Ortak özellikleri, tamamının Muaviye Sünnicisi yani mezhepçisi, Vahhabi Emevi zihniyetli tekfirci, cihatçı ve radikal militanlardan oluşmasıdır.
Şii Haşdi Şabi benzeri siyasal İslamcı örgütlerin eylemleri daha ziyade yerel mezhep savaşlarıyla kendilerini göstermekte olup, dünya çapında Paris’ten, İstanbul Reina’ya, Londra’dan Tahran’a kadar yaygın terör eylemi yapan örgütlerin, neredeyse tamamı rahmetli Prof. Dr. Yaşar Nuri Öztürk’ün tanımlamasıyla "Sünnici-Muaviye Mezhepçisi” siyasal İslamcı yukarıda sıraladığımız çetelerdir.
Ancak, bu acımasız ve alçakça vahşi katliamları dünya çapında yapan, tekfirci-cihatçı ve mezhepçi örgütlerin barındığı, saklandığı, faaliyet gösterdiği içinden çıktığı Vahhabi Arap ülkeleri bugün birbirlerine girdiler.
Bunların, çıkarları - hırsları mevzubahis olunca gözlerinin ”ümmeti” görmediğini, “ümmetin” birbirine hem de mübarek Ramazan ayında nasıl girdiğini ise, ibretle gördük, görüyoruz.

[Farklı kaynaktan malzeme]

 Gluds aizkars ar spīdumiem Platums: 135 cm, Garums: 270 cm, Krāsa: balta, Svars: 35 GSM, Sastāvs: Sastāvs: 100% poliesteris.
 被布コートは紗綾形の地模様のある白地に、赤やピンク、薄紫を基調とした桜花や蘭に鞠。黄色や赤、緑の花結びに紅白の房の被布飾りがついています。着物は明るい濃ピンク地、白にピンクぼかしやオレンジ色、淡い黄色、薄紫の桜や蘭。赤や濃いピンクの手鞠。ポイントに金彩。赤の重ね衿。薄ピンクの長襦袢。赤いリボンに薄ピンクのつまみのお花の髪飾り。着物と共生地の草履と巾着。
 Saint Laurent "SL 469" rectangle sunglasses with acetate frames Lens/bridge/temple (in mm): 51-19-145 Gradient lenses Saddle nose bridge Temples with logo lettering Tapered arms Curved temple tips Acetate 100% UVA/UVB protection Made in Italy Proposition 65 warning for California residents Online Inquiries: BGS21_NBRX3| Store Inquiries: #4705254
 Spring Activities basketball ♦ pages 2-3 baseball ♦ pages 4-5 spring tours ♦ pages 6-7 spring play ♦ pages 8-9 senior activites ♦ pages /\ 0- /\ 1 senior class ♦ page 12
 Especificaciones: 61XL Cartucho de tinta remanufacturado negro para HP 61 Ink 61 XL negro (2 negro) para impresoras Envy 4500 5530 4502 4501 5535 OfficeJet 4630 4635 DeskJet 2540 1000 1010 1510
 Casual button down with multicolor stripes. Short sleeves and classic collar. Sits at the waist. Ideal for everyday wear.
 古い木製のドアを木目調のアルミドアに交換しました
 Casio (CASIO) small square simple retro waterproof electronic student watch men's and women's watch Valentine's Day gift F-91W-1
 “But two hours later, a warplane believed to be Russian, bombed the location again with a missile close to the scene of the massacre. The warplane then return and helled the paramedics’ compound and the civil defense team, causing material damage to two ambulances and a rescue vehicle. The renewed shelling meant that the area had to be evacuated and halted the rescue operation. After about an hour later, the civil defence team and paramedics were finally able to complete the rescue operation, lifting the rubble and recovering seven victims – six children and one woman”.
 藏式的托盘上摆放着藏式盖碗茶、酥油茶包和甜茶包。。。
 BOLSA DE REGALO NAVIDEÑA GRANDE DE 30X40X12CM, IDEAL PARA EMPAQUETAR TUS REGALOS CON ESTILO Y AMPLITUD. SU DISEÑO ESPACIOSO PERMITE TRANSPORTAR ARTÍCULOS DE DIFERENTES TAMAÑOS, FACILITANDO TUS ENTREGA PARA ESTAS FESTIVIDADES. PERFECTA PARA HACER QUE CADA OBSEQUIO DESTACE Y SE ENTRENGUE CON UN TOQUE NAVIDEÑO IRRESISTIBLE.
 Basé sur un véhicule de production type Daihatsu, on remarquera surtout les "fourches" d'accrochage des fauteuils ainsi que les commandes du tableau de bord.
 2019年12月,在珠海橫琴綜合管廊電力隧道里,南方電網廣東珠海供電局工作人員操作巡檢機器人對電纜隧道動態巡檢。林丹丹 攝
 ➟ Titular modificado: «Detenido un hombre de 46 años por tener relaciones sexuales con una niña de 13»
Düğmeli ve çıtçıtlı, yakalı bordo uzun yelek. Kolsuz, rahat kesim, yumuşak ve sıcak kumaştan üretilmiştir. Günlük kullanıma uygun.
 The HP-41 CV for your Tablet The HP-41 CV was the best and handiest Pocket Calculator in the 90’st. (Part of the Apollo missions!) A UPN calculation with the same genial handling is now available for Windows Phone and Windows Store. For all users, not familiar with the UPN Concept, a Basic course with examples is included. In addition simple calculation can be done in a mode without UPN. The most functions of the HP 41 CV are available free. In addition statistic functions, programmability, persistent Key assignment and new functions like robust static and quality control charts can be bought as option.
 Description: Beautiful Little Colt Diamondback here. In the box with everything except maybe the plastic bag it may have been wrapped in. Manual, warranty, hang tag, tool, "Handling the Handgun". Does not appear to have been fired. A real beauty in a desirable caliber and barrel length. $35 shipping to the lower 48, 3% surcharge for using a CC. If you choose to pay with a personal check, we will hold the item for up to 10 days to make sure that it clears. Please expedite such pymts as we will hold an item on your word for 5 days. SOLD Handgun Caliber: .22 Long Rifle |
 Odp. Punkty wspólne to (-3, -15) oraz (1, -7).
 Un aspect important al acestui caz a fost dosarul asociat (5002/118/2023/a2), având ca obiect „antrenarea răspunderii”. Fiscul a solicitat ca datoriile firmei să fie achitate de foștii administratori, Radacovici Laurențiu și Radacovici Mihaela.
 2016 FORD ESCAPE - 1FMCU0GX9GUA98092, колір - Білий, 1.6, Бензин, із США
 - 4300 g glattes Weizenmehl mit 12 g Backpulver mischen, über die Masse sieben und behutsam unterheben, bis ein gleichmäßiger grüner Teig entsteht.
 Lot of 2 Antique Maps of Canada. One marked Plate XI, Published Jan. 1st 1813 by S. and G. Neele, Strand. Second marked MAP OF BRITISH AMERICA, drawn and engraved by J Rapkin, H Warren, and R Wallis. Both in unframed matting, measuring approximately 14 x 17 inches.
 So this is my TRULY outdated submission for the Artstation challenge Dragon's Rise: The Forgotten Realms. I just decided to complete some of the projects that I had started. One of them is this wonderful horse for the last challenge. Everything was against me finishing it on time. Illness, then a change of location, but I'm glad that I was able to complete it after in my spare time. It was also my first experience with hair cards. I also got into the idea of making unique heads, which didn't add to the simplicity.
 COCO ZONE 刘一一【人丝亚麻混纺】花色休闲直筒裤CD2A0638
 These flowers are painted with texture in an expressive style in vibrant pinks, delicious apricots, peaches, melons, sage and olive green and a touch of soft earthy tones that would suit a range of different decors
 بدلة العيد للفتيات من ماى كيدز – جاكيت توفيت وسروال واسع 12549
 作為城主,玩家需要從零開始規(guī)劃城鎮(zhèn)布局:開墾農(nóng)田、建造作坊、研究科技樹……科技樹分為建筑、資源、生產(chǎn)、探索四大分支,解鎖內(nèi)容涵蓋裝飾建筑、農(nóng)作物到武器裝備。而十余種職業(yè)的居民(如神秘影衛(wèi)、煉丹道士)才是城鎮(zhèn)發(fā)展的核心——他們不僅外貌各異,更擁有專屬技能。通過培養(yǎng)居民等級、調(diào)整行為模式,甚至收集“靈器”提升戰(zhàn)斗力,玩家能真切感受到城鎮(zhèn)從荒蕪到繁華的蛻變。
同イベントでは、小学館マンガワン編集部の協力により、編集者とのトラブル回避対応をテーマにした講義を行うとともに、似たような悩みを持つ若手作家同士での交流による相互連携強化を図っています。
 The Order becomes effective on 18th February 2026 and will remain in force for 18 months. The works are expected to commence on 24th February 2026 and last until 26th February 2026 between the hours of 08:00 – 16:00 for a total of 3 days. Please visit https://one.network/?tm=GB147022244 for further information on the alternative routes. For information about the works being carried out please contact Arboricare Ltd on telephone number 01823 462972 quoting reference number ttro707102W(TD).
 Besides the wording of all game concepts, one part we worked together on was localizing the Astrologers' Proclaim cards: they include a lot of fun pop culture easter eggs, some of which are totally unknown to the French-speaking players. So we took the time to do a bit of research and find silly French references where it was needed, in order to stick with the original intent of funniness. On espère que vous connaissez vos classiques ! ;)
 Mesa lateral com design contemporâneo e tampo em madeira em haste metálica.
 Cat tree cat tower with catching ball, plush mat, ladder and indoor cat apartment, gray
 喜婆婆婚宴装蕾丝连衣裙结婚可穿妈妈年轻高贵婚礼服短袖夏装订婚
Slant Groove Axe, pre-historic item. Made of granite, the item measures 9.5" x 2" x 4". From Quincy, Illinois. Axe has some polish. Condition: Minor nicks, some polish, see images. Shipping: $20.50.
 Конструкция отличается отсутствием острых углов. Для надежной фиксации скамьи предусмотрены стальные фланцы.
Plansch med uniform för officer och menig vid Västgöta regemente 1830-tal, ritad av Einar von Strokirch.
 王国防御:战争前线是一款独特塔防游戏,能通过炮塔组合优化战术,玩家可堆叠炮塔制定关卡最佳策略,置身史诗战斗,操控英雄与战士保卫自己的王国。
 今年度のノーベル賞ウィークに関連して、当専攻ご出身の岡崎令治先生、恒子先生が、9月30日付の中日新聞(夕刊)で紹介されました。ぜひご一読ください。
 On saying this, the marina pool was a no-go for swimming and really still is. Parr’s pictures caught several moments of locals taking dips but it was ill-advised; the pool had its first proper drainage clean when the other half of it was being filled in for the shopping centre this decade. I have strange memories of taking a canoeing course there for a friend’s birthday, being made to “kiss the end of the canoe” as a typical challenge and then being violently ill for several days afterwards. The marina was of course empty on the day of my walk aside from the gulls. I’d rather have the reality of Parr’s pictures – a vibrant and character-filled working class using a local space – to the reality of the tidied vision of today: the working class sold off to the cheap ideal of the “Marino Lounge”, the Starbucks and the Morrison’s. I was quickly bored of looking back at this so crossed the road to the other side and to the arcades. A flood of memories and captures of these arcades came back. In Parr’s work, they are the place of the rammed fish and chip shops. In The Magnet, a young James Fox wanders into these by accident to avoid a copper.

Bunların dinciliğinin de, ümmetçiliğinin de samimiyetsiz ve sahte olduğu aşikâr.
Kimi İhvancıları himaye ediyor, kimi Hamasçıları, kimi Şii düşmanlığı yapıyor, kimi de Sünni düşmanlığı!
Halbuki, çağdaş demokratik hukuk devletleri bugün “laiklik” ilkesine, hangi din veya mezhepten olurlarsa olsunlar sarılmak zorundadırlar.
Aksi, Ortaçağın bataklığında, aynı dinin mensuplarının hatta aynı mezhebe mensup kişilerin bugün olduğu gibi birbirini katlettiği, kanlı-rezil ve kaotik bir çıkmaz yola sürükler İslam dünyasını.
Kıssadan hisse; siyasal İslamcılık, Halifecilik, Yeni Osmancılık ve de Ümmetçilik nafile işlerdir. Kimseye hayrı olmaz.